### In this notebook we guide you through an example how to get started with AESTETIK
1) Data loading and preprocessing
2) Morphology feature extraction
3) Training the model
4) Spot representations and clustering

In [None]:
import os
os.chdir('../')

### Load required packages

In [None]:
from torchvision.models import inception_v3, Inception_V3_Weights
from torchvision import transforms
import squidpy as sq
import scanpy as sc
import torch
import json

In [None]:
from aestetik.utils.utils_morphology import extract_morphology_embeddings
from aestetik.utils.utils_transcriptomics import preprocess_adata
from aestetik.utils.utils_visualization import visualize
from aestetik import AESTETIK
AESTETIK.version()

In [None]:
import logging
# Configure the logging module
logging.basicConfig(level=logging.INFO)  # Set the desired logging level
logging.getLogger("pyvips").setLevel(logging.CRITICAL)

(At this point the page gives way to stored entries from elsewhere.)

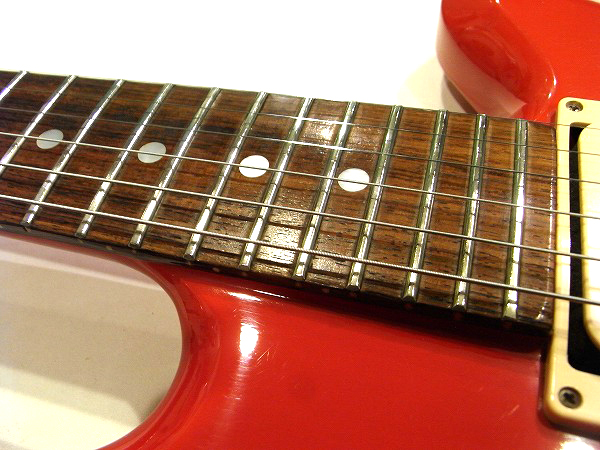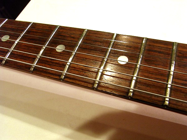 プレイコンディションは非常に良好です。 ネックは反りも無く真っ直ぐで、ロッドはニュートラルの状態で、十分に余裕があり、 今後の調整も全く問題ありません。まだ一度も回していない新品同様の状態です。 フレットは相応に減りはあるものの、まだ7分程度は残っており、 すり合わせも行っておりますので、弦溝やへこみもありません。 さらに丁寧に磨き、クリーニングも入れておりますので、光沢もピカピカのコンディションです。 バッチリ丁寧にセッティングも行っております。 現在弦高は12フレット上1弦1.2mm、6弦1.5mmと非常にローアクションにセッティングしています。 上記のセッティングで、各ポジション、フレットバズ(ビビリ)や音づまりも無く良好な出音です。 弦高も低く、とても弾きやすいコンディションです。 電気系統も非常に良好で、各コントロール、スイッチ共に正常に動作し、 ガリ等も無く非常に良好な状態です。9V角電池を1本使用します。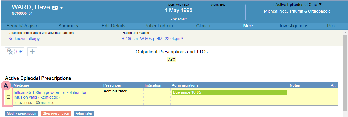 You can modify, administer, and stop episodal prescriptions. You prescribe an episodal medication once. Then you can administer the medication multiple times over a set duration.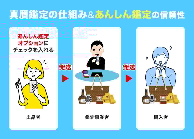 メルカリのあんしん鑑定は、出品者・購入者の双方が安心して高額商品を取引できる仕組みです。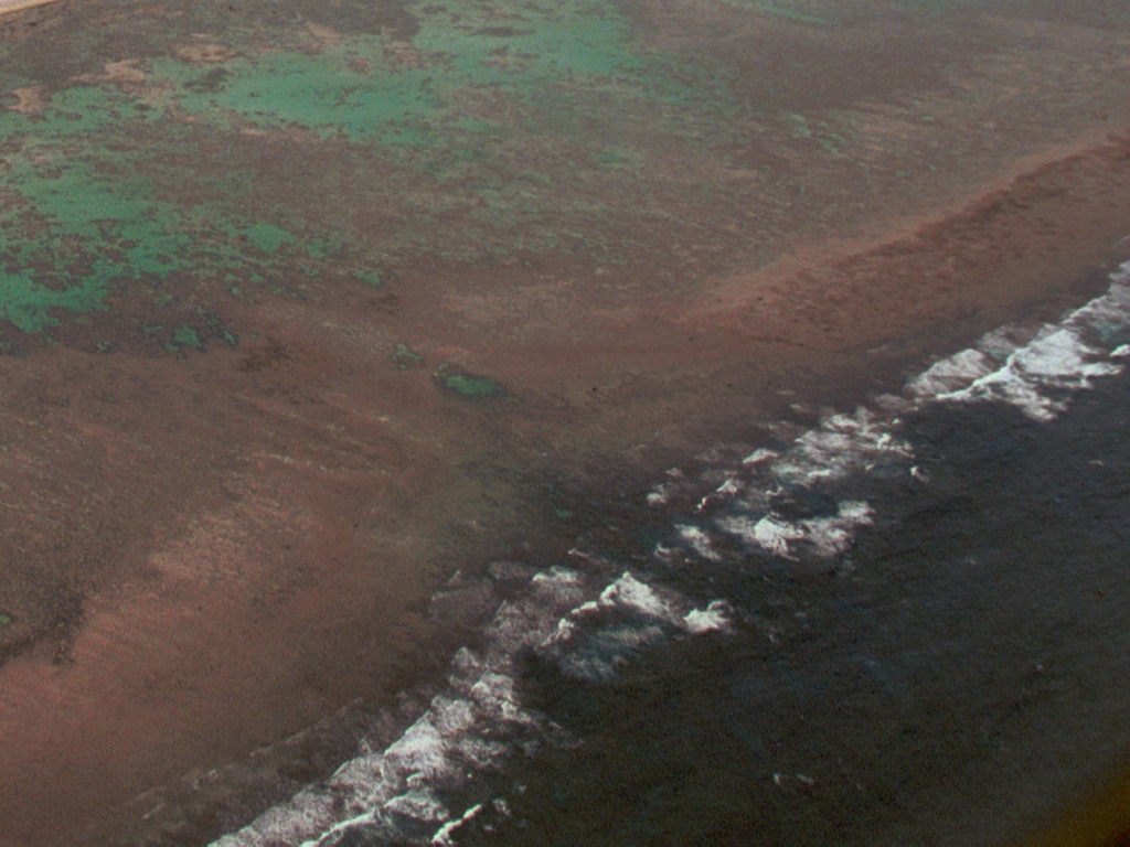 石垣島に近づき海岸線に沿って連なる世界的にも有名な白保地区の珊瑚礁が見えてきた。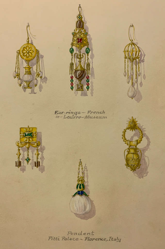 Written, center:Ear-rings-French in-Louvre Museum; at bottom:Pendant Pitti Palace-Florence, Italy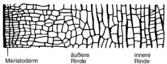 Meristoderms [von *merist- , griech. derma = Haut], Bezeichnung für das sehr teilungsaktive Abschlußgewebe (Epidermis) des Cauloids ( Algen III ) der Braunalgen-Ordnung Laminariales ( vgl. Abb. ). Die Zellen des Meristoderms sind in mehreren Richtungen teilungsfähig, so daß sie tangentiale, radiale und horizontale Zellwände anlegen.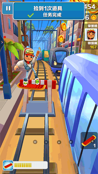 地铁跑酷威尼斯海滩版是发生在意大利水城威尼斯海滩的特殊版本,来到这个美丽的水城开始紧张又刺激的跑酷,依旧是被地铁大叔抓捕的一天,操作还是和以前一样的简单,但是可不要因为操作简单就掉以轻心哦,在这里帅气的小船夫马可也会登场,他邀请你们去参加蒙面聚会,但是去到聚会要跑过长长的地铁,加油,期待你的冒险。这一次的版本会新增威尼斯风情的贡多拉滑板,跑酷得路上不仅会遇到急驶的地铁,还会看到摇摆的小船哦,并且这一次如果能够打败好友,登顶排行版,还有机会获得超级惊喜大礼哦,还等什么,威尼斯海滩等着你的奔跑,感兴趣的小伙伴们赶快来下载吧。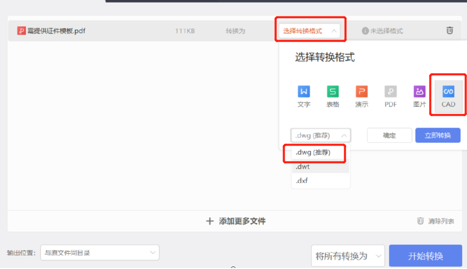 3.点击打开按钮将文件成功添加进来之后,下一步就是在界面中选择要转换的格式,选择CAD文件之后可以选择CAD文件的后缀格式。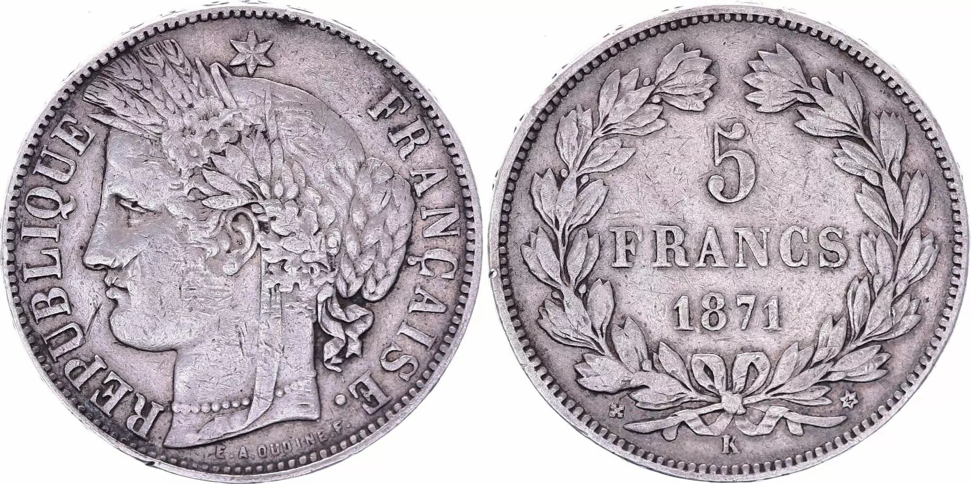 La pièce de 5 Francs Cérès, frappée en argent, a été émise en 1871 par l'atelier de Bordeaux, identifié par la lettre K. Cette pièce commémorative appartient à la période de la Troisième République française.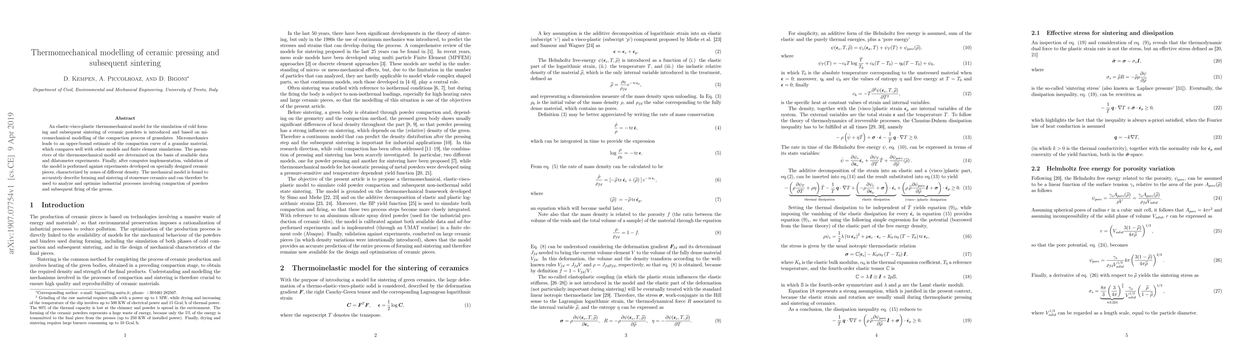 An elastic-visco-plastic thermomechanical model for the simulation of cold forming and subsequent sintering of ceramic powders is introduced and based on micromechanical modelling of the compaction process of granulates. Micromechanics leads to an upper-bound estimate of the compaction curve of a granular material, which compares well with other models and finite element simulations. The parameters of the thermomechanical model are determined on the basis of available data and dilatometer experiments. Finally, after computer implementation, validation of the model is performed against experiments developed on specially designed ceramic pieces, characterized by zones of different density. The mechanical model is found to accurately describe forming and sintering of stoneware ceramics and can therefore be used to analyze and optimize industrial processes involving compaction of powders and subsequent firing of the greens.
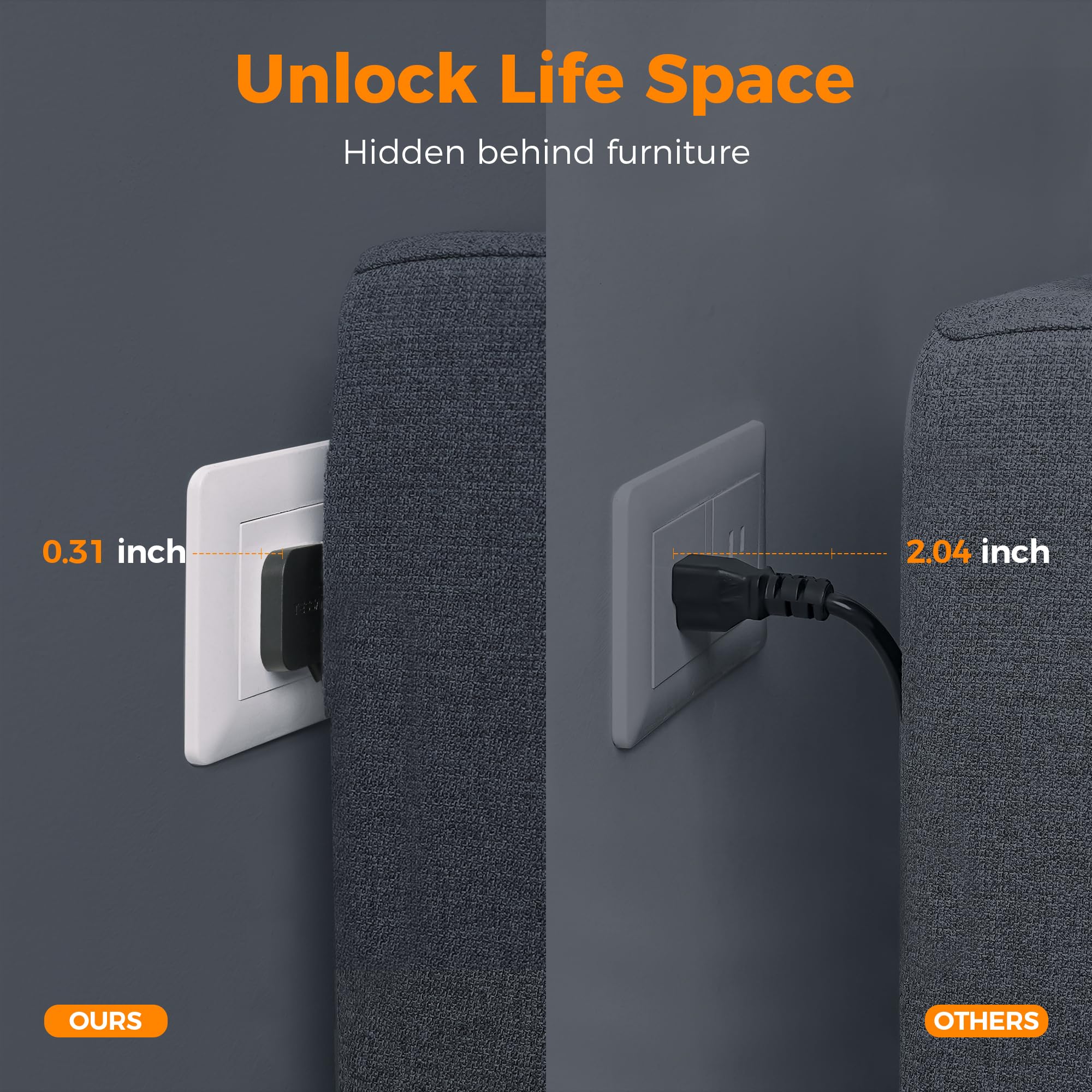 • Flat plug could be easily hide in the back the furniture, which can maximum save your outlet space occupied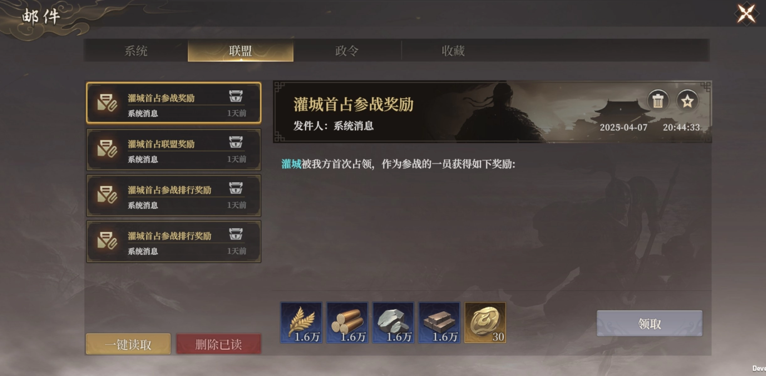 奖励获取:城池归属后,全联盟成员获得资源奖励外,同时可以在联盟商店,使用贡献点兑换建筑武将术法等进阶材料(木材、术法经验、灵萃等等)。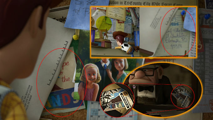 Esta teoría es alimentada por el hecho de que a los miembros de Pixar les gusta filtrar elementos recurrentes en cada una de sus cintas. Por ejemplo, han camuflado el carro de Pizza Planet, el número de aula A113 o la clásica lámpara con vida en varias producciones.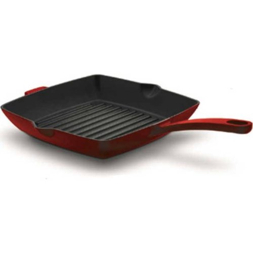 Hranatá grilovací pánev z litiny je opatřena praktickým mřížkovým dnem. Rozměry 26 x 26 cm.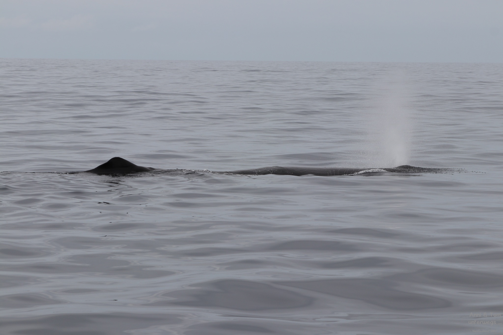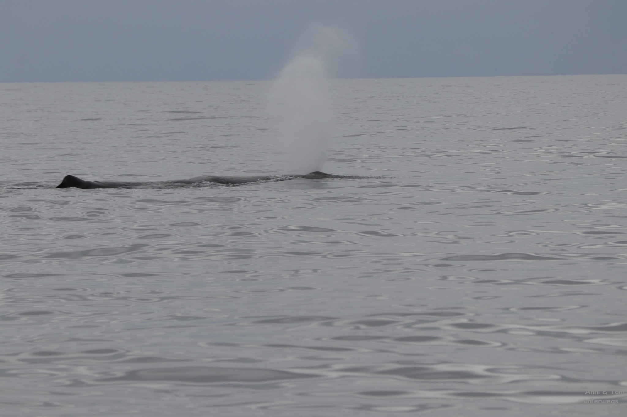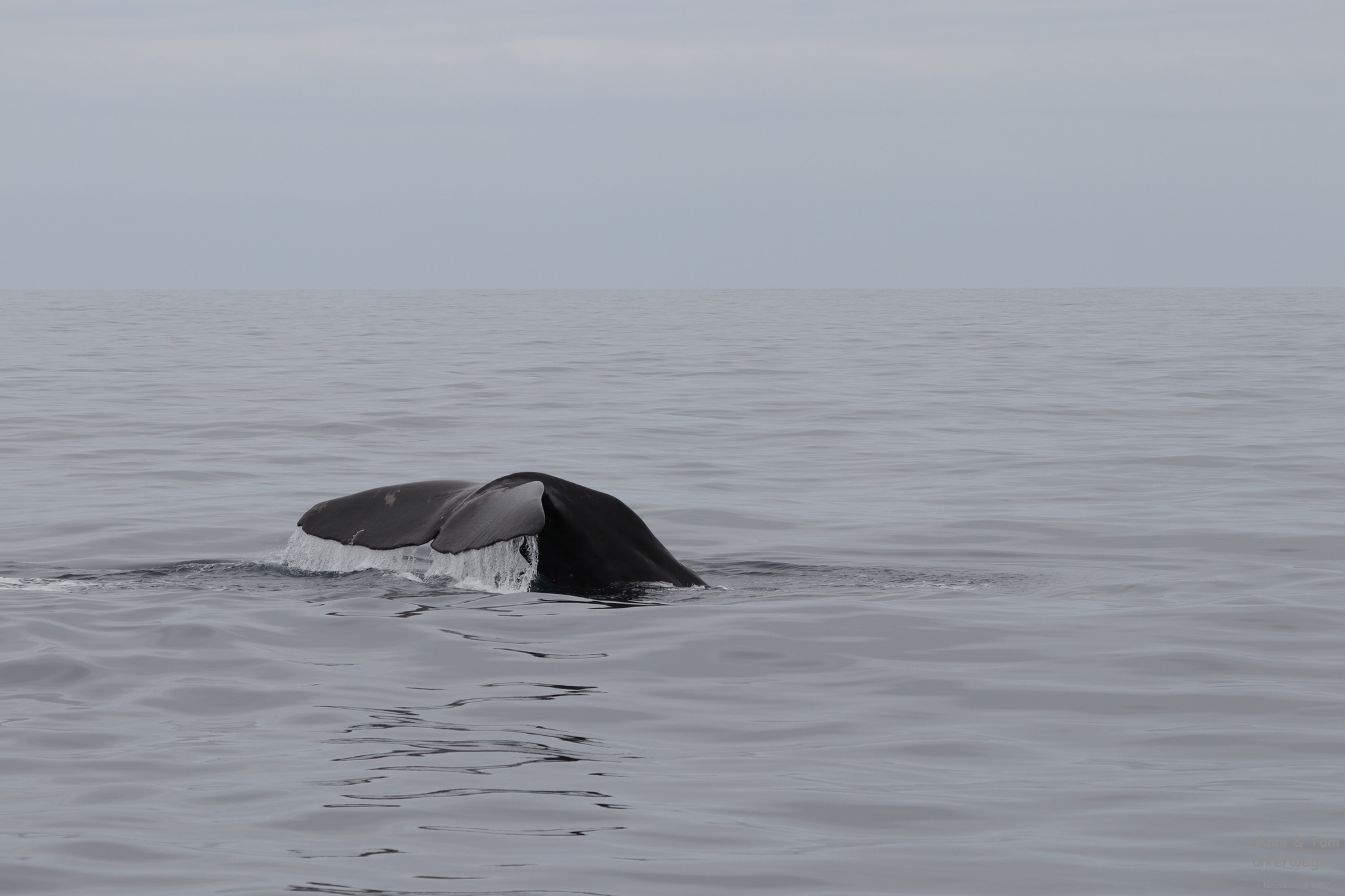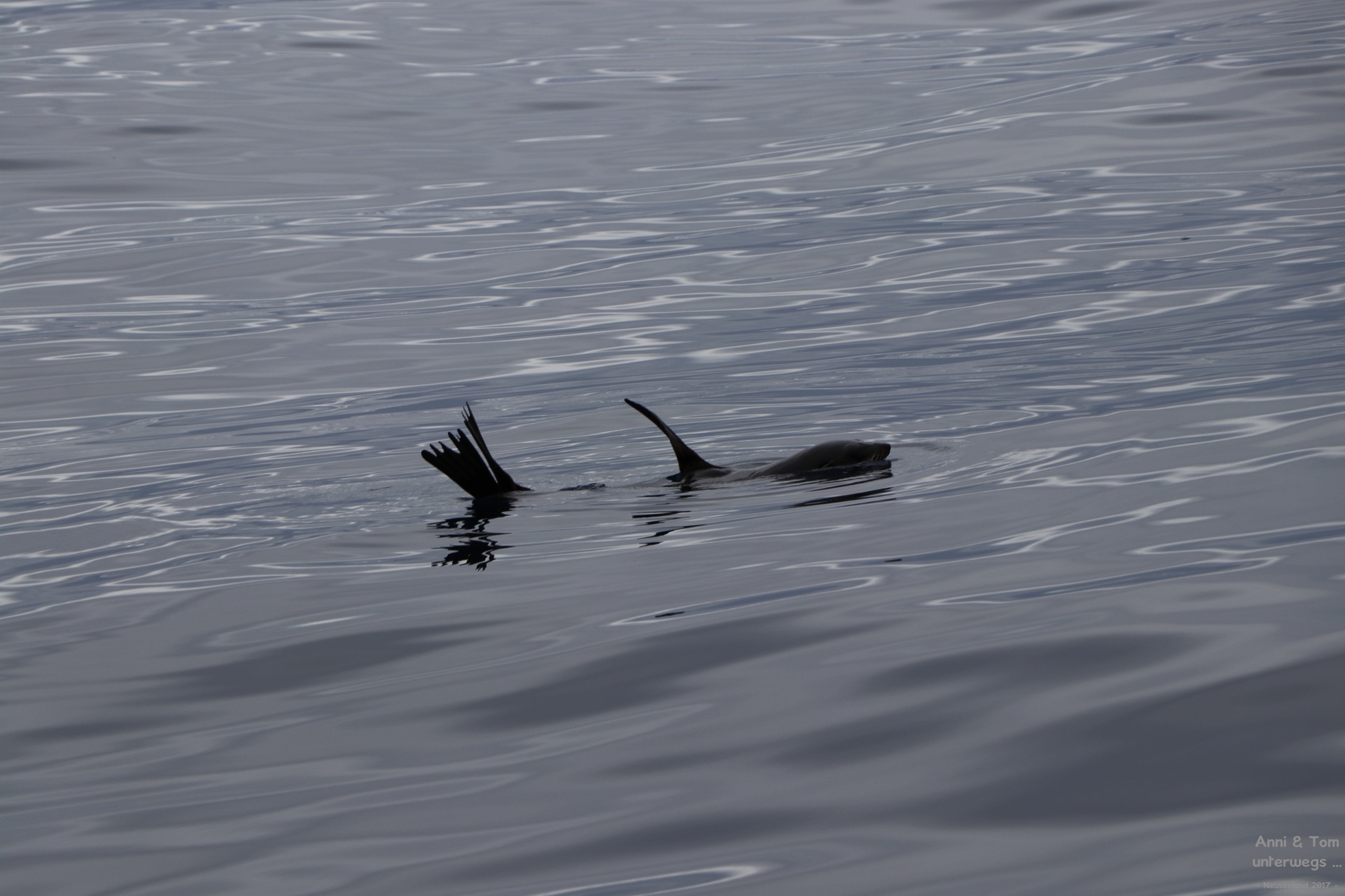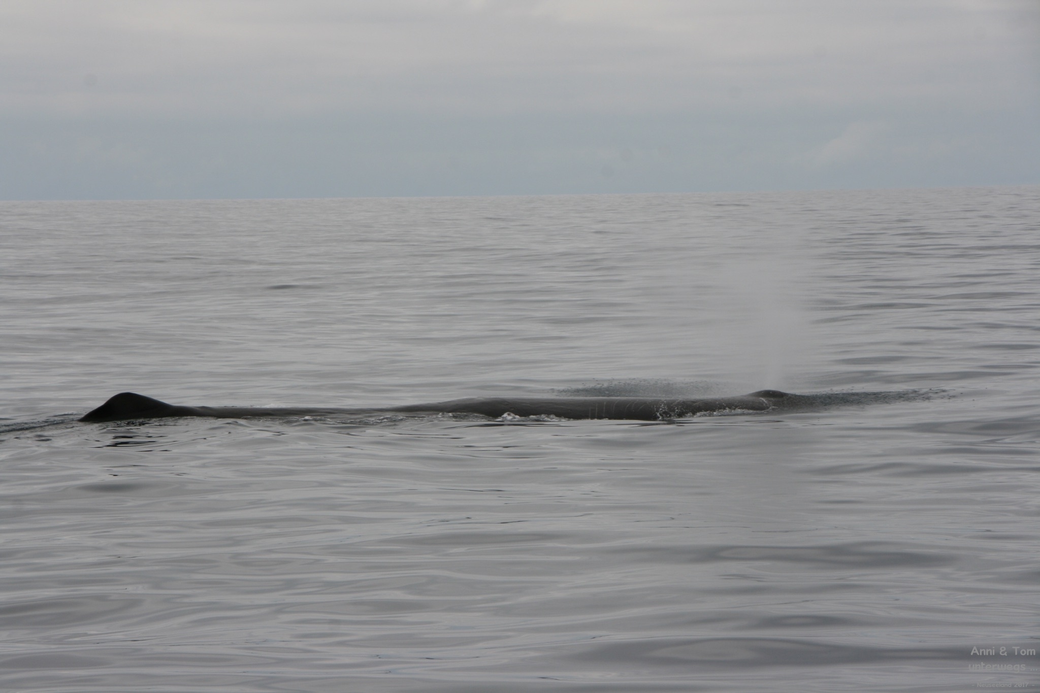 Nach langem Suchen, auch mit einem Hydrophon, können wir nach fast zwei Stunden einen Pottwal beim Auftauchen und Luftholen beobachten. Er blieb etwas mehr als fünf Minuten an der Wasseroberfläche, bis er schließlich wieder abtauchte und wir noch seine Schwanzflosse sehen konnten :-)

### Load data and preprocess
We start by loading a sample of the `LIBD brain` dataset. This sample contains spatially resolved transcriptomics data and a corresponding high-resolution image.

In [None]:
img_path = "test_data/151676.png"
adata_in = "test_data/151676.h5ad"
json_path = "test_data/151676.json"

In [None]:
n_components = 15
spot_diameter_fullres = json.load(open(json_path))["spot_diameter_fullres"]
dot_size = json.load(open(json_path))["dot_size"]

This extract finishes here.